Raise Your Voice is a 2004 American teen musical drama film directed by Sean McNamara and starring Hilary Duff. The film follows a small-town girl with a passion for singing who secretly travels to Los Angeles to attend a prestigious summer music program at a performing arts academy after the death of her brother. The film received negative reviews and grossed $14.9 million against a $15 million budget.

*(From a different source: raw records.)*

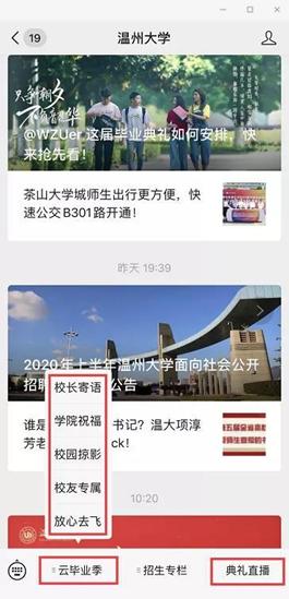 据悉,为了让受疫情影响不能到场的毕业生感受到毕业氛围,日本a片 微信公众号同步上线2020年“云毕业典礼”,作为本次线下毕业典礼的延伸。“云毕业典礼”分为校长寄语、学院祝福、校园掠影、校友专属、放心去飞等5个版块,为广大毕业生提供了丰富的毕业季线上资源,营造了浓郁的毕业氛围。毕业生们可云游温大,观看校长和各学院院长的祝福视频,在学校各标志景点“云打卡”生成专属头像和专属合影;在线申领电子校友卡,成为温大校友一份子;欣赏毕业主题的改编歌曲和原创MV视频,毕业生寄语滚动播放,“毕业快乐”“来日方长,后会有期”“愿有前程可奔赴,亦有岁月共回首!”“温大永远是我们的家”等留言不断刷屏,传递了一位位毕业生对母校的感激和不舍。 “一路我们曾携手并肩,温大精神伴我向前,牢记求学问是、敢为人先,承诺最高处相约!”母校祝福所有的毕业生一路珍重!鹏程万里!
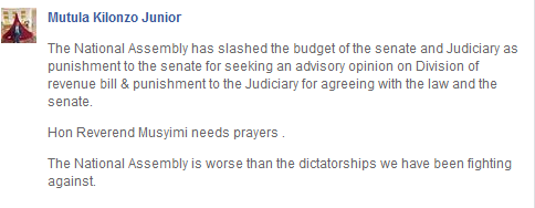 In his post, Mutula Junior castigated National Assembly terming it as worse than any dictatorships that the country has been fighting against.
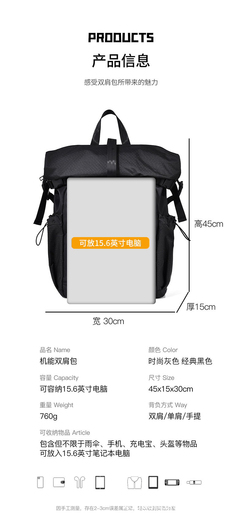 Men's backpack, functional travel, sports, outdoor hiking, cycling, large-capacity backpack, male college student computer schoolbag
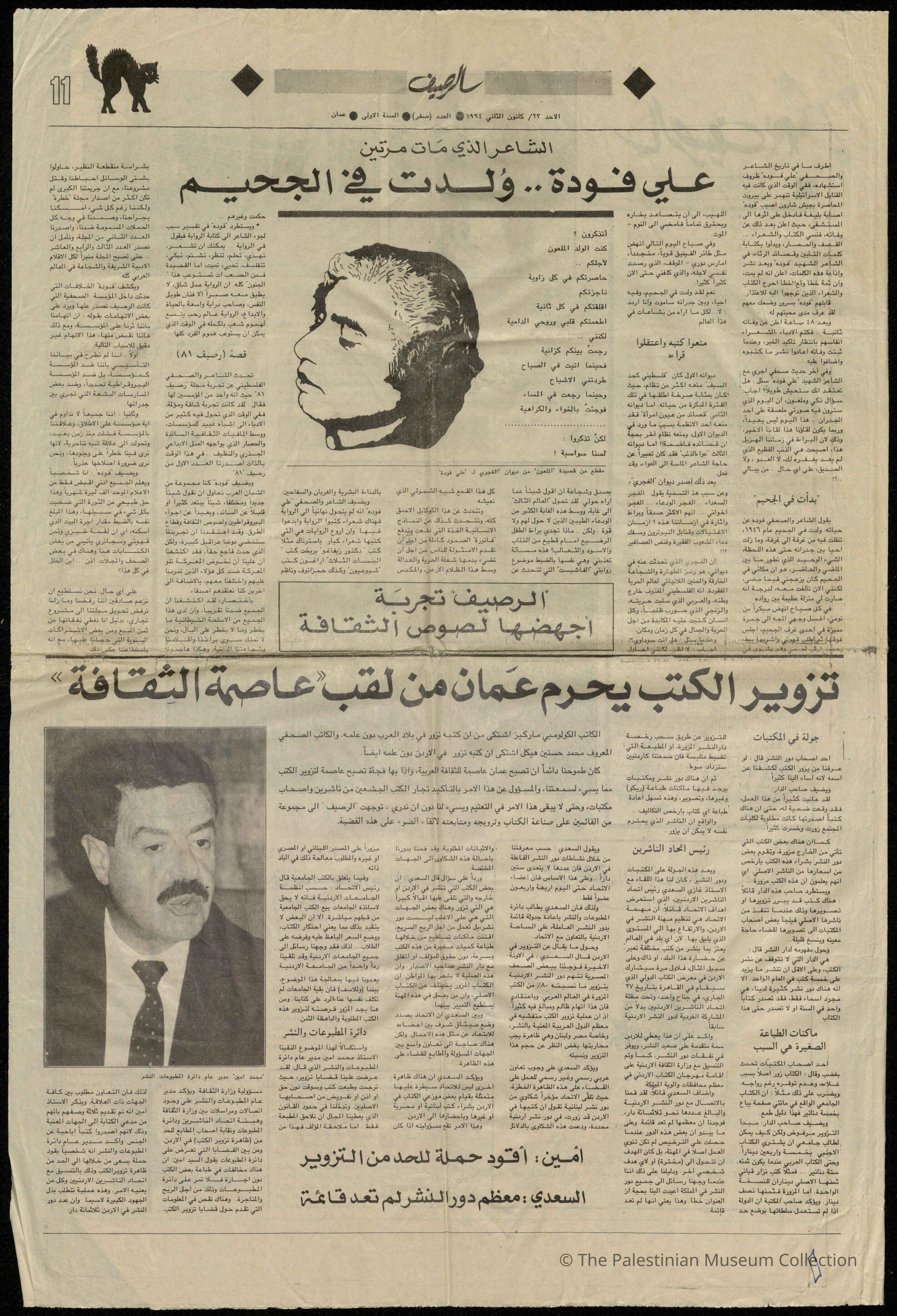 صفحة من جريدة الرصيف، تحتوي على مقالة ولدت في الحجيم للشاعر علي فودة.

Three songs by Duff were featured in Raise Your Voice, all of which appear on her eponymous third album. "Someone's Watching Over Me" is performed by her character during the film's climax. Canadian rock band Three Days Grace makes a cameo appearance in the film, performing the songs "Are You Ready" and "Home".

==Plot==
Terri Fletcher is a Flagstaff, Arizona teenager who dreams of becoming a professional singer. She wants to participate in a music program that could give her a $10,000 scholarship. Her overprotective father Simon, a second-generation restaurateur, disapproves of Terri's plans, wanting her to run the family business.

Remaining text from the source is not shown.